In the entries below, how many lines hold the string "Clamp"? Answer with the number only.
(DATA FOR THIS EXERCISE Opens)
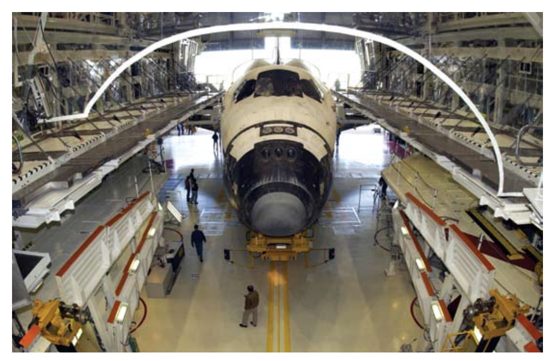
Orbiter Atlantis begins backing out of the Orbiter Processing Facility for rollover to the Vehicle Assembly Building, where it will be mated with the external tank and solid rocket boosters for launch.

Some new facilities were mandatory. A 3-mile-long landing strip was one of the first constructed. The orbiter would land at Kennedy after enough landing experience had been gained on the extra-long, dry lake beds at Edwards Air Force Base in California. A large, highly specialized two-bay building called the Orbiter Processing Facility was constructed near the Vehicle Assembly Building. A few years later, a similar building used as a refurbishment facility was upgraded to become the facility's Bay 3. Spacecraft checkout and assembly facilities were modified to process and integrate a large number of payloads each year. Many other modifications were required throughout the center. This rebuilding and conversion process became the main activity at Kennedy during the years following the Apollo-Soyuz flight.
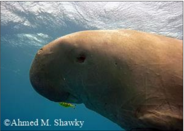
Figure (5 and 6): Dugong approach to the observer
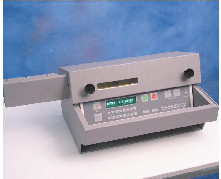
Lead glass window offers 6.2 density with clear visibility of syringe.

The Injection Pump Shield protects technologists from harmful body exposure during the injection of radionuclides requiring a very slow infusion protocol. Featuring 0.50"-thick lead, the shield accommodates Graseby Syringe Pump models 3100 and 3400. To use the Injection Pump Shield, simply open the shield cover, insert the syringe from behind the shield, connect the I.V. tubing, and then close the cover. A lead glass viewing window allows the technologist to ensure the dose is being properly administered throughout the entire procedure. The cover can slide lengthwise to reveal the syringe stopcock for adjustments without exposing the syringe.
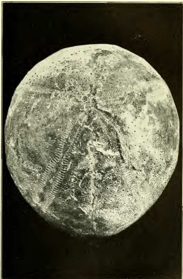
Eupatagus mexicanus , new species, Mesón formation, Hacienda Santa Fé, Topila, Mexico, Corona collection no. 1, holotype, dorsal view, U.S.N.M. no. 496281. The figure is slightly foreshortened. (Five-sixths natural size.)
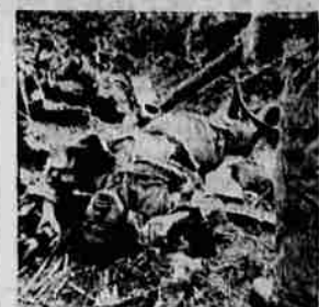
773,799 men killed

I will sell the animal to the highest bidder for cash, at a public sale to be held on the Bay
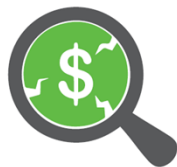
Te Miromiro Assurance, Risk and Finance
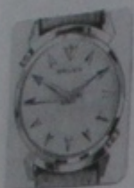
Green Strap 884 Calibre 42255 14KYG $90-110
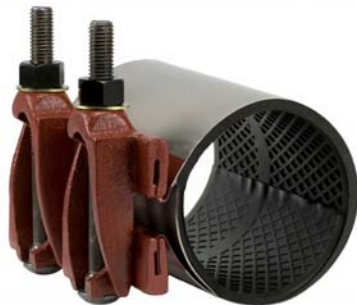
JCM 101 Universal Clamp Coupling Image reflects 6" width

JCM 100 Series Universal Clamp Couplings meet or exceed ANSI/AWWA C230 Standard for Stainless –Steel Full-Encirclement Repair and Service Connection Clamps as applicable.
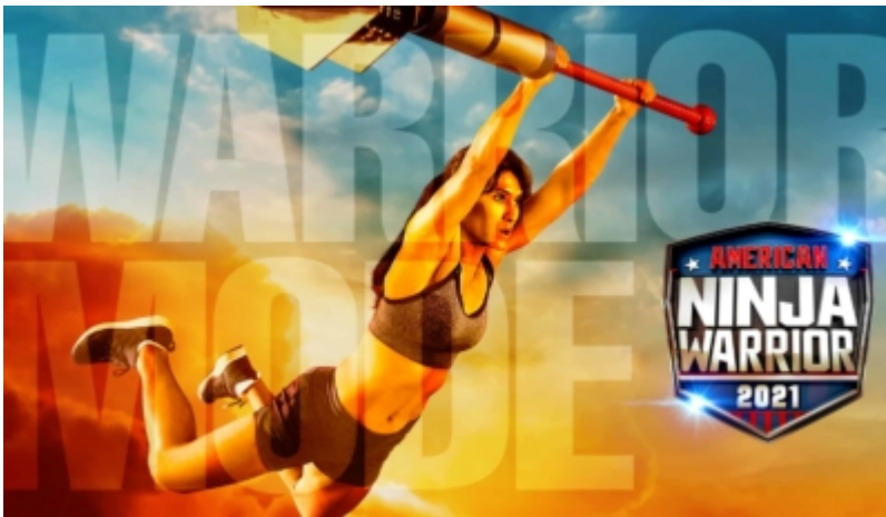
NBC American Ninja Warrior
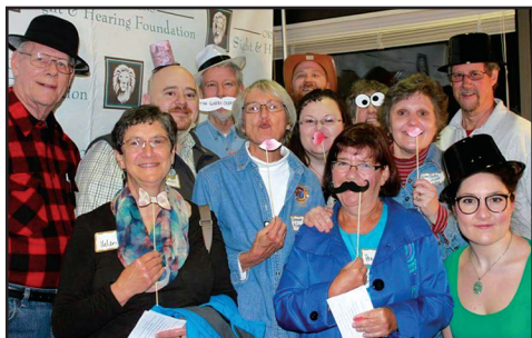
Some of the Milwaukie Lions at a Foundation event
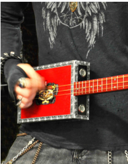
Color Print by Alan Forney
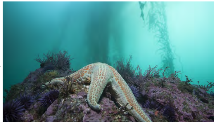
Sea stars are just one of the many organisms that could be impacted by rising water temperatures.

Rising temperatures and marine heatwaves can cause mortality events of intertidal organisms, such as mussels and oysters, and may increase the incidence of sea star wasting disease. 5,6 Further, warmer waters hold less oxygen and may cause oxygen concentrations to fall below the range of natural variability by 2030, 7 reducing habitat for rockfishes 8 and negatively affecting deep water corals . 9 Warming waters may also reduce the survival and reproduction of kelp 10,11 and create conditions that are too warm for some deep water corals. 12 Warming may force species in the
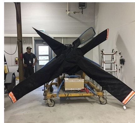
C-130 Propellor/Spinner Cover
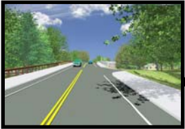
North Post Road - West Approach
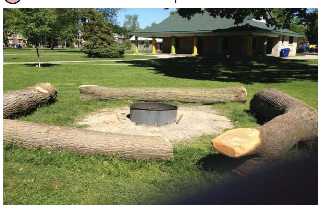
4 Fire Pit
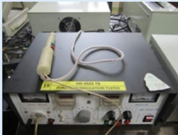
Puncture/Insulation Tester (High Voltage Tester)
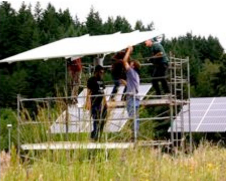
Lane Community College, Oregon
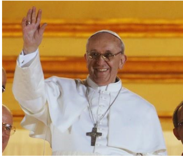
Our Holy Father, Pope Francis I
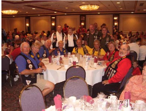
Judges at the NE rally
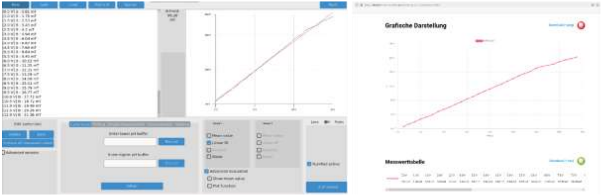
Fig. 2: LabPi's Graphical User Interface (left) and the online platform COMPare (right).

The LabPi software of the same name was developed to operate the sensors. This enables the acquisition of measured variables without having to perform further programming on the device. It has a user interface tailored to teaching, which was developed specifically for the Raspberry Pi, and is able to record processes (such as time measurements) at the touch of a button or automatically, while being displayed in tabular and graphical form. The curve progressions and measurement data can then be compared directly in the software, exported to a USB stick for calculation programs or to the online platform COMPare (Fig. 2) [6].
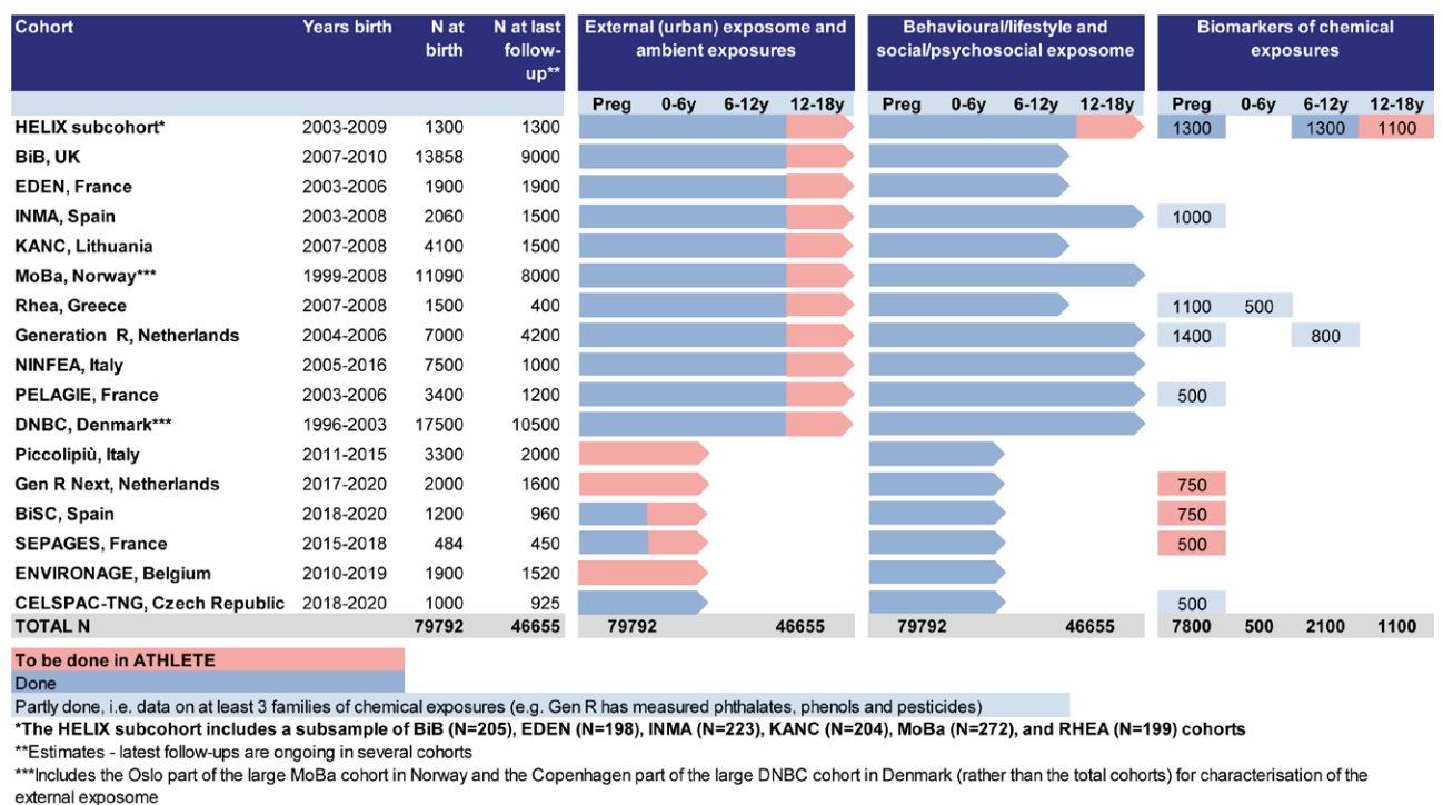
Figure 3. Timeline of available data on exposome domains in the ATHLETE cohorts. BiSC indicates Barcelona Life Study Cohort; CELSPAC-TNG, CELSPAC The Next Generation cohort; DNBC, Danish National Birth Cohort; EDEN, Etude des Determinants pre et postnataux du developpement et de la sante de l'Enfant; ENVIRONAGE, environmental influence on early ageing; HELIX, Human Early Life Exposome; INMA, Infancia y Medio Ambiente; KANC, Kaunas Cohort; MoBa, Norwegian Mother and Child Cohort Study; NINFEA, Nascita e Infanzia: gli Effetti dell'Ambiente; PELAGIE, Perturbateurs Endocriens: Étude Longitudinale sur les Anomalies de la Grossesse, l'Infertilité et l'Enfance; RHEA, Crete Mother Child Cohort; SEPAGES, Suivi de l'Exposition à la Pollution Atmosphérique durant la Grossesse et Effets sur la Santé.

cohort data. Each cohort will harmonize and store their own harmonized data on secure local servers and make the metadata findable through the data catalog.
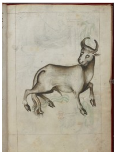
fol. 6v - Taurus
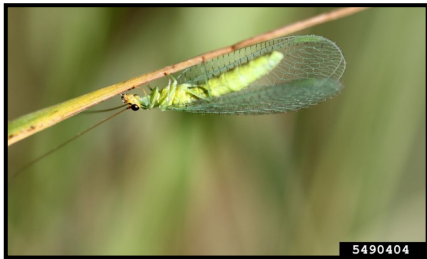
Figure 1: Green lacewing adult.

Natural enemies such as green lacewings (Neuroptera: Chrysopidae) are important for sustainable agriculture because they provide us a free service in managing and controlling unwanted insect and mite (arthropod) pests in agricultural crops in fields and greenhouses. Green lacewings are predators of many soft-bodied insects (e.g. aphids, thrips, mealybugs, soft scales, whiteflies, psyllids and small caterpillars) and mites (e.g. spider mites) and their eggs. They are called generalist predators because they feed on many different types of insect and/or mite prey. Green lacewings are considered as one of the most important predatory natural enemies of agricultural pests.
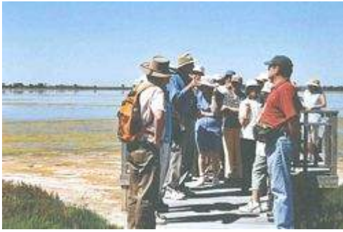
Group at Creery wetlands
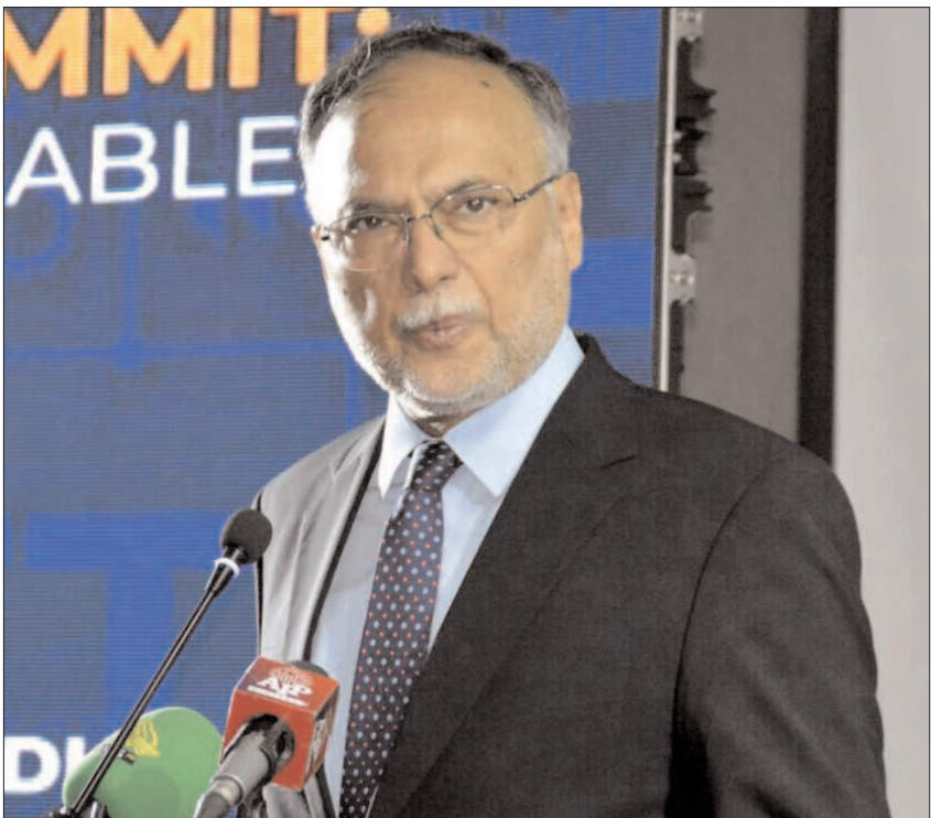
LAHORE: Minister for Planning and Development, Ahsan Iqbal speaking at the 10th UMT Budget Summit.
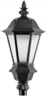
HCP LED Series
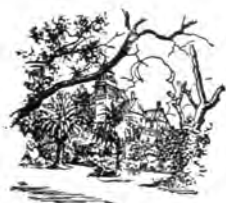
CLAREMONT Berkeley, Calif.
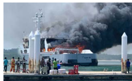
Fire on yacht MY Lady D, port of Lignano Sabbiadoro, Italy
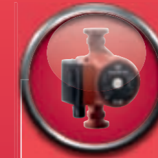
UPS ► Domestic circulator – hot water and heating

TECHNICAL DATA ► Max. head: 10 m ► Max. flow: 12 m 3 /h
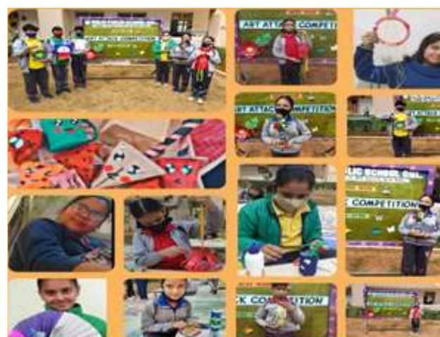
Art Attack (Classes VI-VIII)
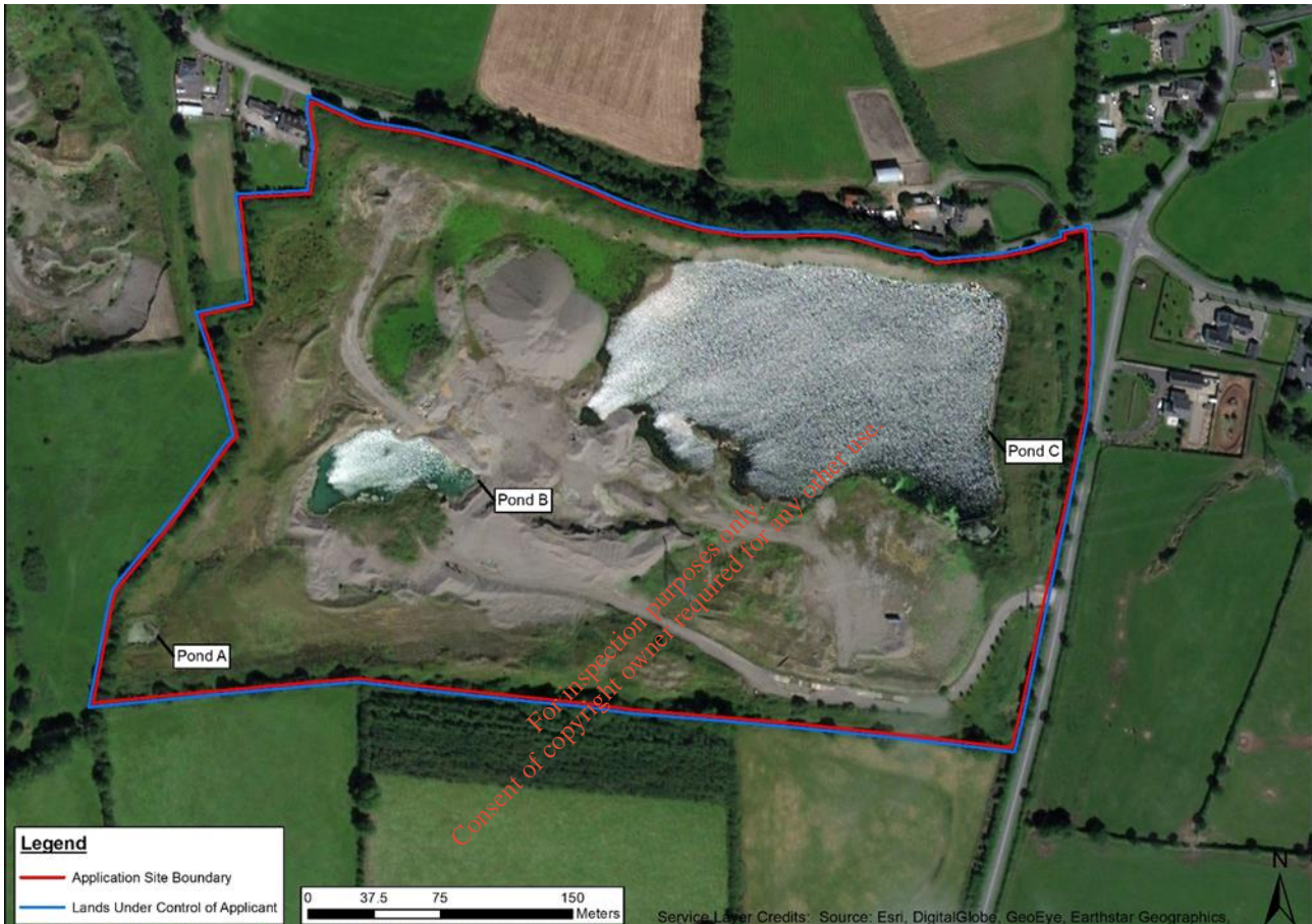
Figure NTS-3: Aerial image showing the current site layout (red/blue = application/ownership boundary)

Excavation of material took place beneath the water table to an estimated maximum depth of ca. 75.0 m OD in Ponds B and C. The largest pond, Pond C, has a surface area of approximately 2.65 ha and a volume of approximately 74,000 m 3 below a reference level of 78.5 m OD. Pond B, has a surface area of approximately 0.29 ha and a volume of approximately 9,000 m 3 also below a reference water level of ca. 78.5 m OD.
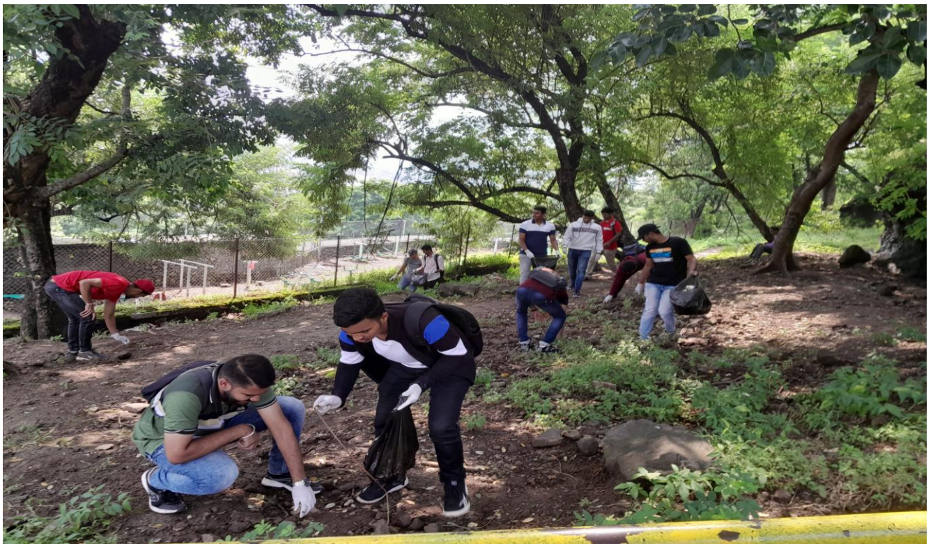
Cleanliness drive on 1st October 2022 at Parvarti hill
(DATA FOR THIS EXERCISE Closes)
◆ **ANSWER TO THE EXERCISE**
2